#### [EXERCISE OBJECTIVE]
Copy the lines below exactly, starting at the one with "QQ炫舞手游中的新手阶段,玩" and ending at the one with "Осеннее цветение розовых", and leave out any picture.
[PROVIDED INFORMATION Boundary: Start]
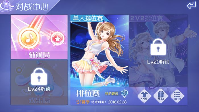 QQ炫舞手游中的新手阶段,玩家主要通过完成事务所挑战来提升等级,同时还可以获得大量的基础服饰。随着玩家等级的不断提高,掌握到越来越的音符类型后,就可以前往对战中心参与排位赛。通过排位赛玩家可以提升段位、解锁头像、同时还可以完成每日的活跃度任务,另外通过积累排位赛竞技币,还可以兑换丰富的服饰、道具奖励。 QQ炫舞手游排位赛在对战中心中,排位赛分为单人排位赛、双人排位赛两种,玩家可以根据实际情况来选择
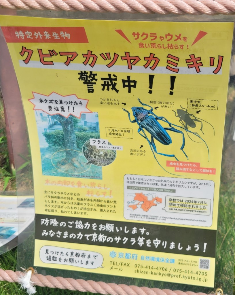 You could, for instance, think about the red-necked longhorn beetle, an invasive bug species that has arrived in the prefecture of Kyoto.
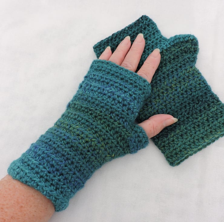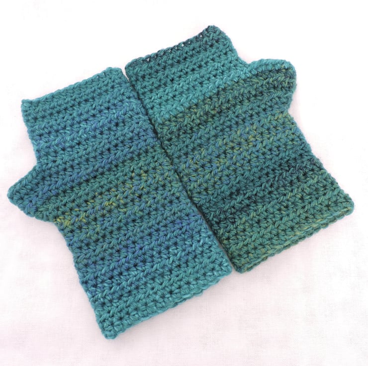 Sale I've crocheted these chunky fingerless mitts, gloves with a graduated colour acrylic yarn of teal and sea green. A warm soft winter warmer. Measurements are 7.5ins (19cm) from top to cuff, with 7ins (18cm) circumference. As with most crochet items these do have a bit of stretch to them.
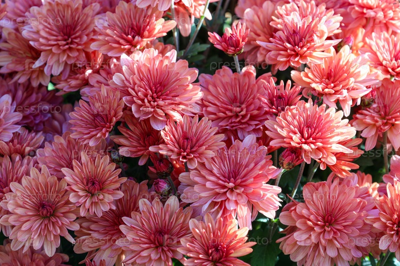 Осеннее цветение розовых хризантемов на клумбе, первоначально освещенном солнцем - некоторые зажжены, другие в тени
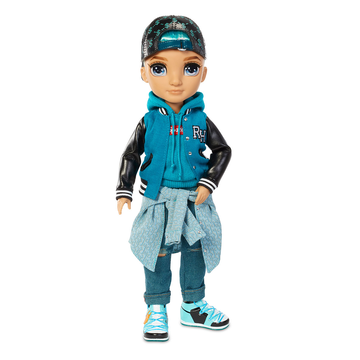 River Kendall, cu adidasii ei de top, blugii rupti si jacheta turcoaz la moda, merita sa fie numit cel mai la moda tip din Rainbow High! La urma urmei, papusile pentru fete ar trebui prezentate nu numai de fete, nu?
[PROVIDED INFORMATION Boundary: End]
[PROVIDED INFORMATION Boundary: Start]
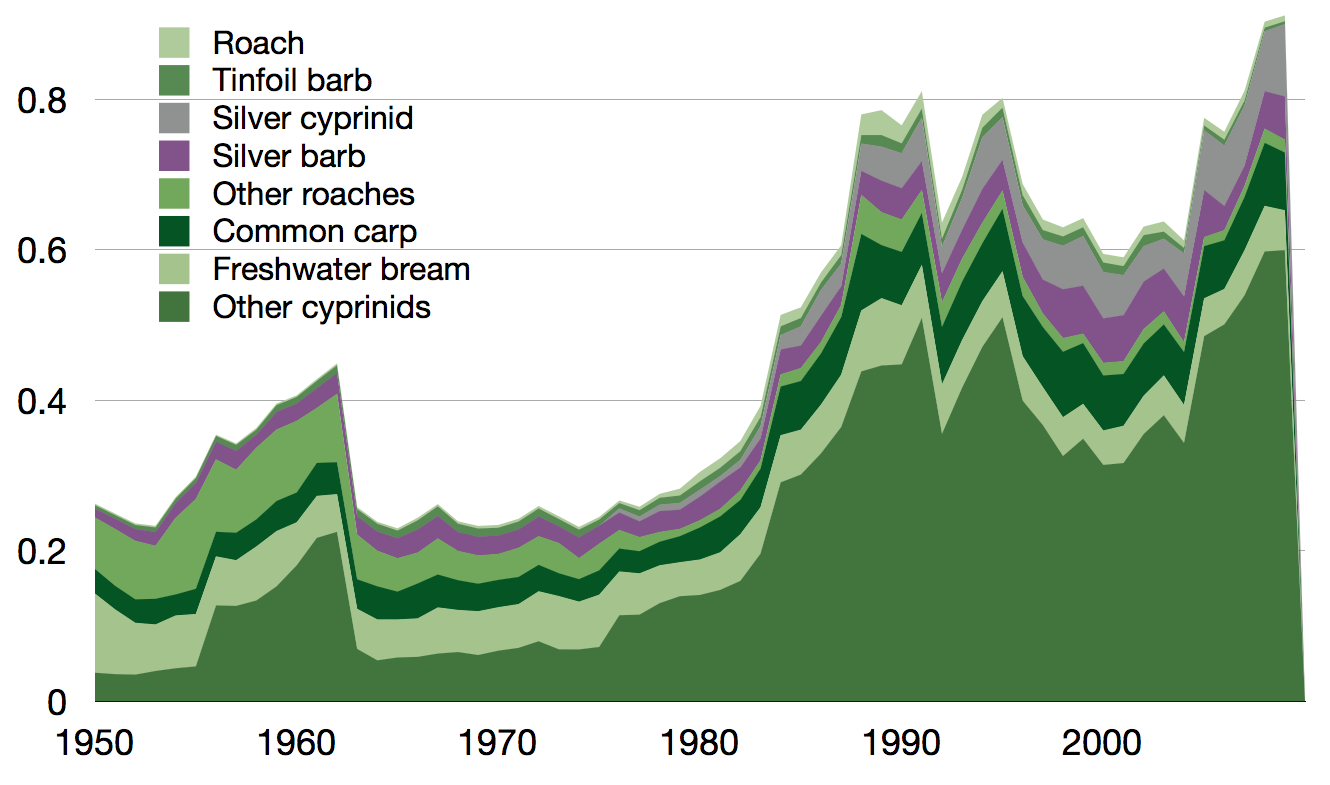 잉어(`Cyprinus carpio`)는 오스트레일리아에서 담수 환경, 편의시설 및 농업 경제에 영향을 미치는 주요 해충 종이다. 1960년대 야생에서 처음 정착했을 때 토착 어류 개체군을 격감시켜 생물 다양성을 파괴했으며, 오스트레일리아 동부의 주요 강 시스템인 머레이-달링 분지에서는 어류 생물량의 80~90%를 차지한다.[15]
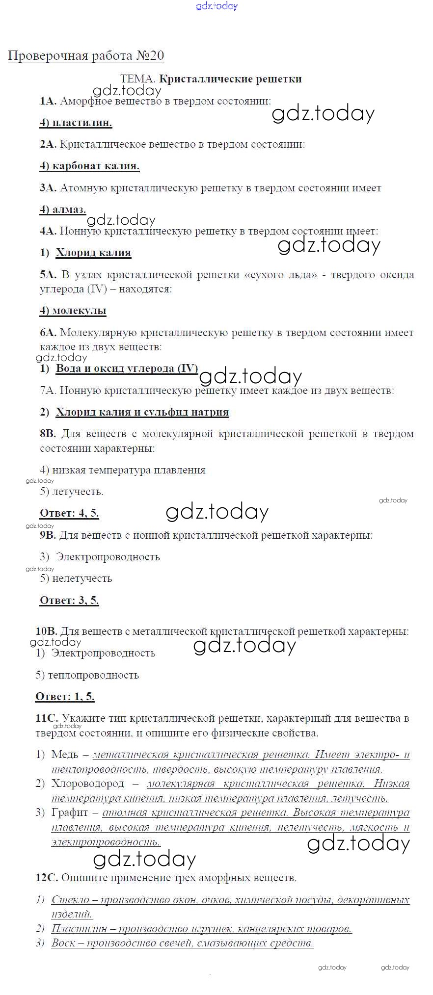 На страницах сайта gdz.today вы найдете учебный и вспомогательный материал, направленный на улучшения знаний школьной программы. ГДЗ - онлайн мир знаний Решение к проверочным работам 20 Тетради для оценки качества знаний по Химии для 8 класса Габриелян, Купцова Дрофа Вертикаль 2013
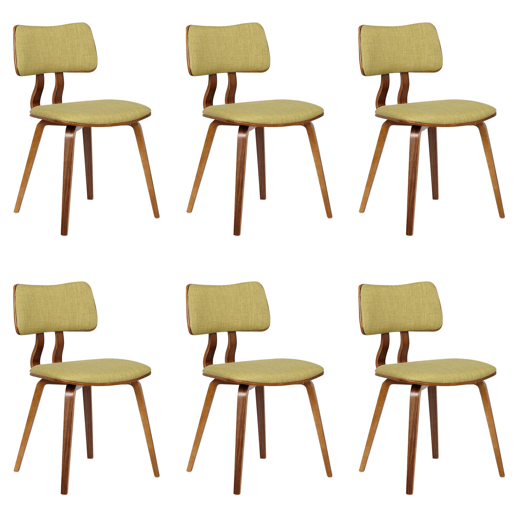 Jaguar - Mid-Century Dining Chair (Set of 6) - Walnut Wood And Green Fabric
[PROVIDED INFORMATION Boundary: End]
#### [WRITTEN REPLY]
 QQ炫舞手游中的新手阶段,玩家主要通过完成事务所挑战来提升等级,同时还可以获得大量的基础服饰。随着玩家等级的不断提高,掌握到越来越的音符类型后,就可以前往对战中心参与排位赛。通过排位赛玩家可以提升段位、解锁头像、同时还可以完成每日的活跃度任务,另外通过积累排位赛竞技币,还可以兑换丰富的服饰、道具奖励。 QQ炫舞手游排位赛在对战中心中,排位赛分为单人排位赛、双人排位赛两种,玩家可以根据实际情况来选择
 You could, for instance, think about the red-necked longhorn beetle, an invasive bug species that has arrived in the prefecture of Kyoto.
 Sale I've crocheted these chunky fingerless mitts, gloves with a graduated colour acrylic yarn of teal and sea green. A warm soft winter warmer. Measurements are 7.5ins (19cm) from top to cuff, with 7ins (18cm) circumference. As with most crochet items these do have a bit of stretch to them.
 Осеннее цветение розовых хризантемов на клумбе, первоначально освещенном солнцем - некоторые зажжены, другие в тени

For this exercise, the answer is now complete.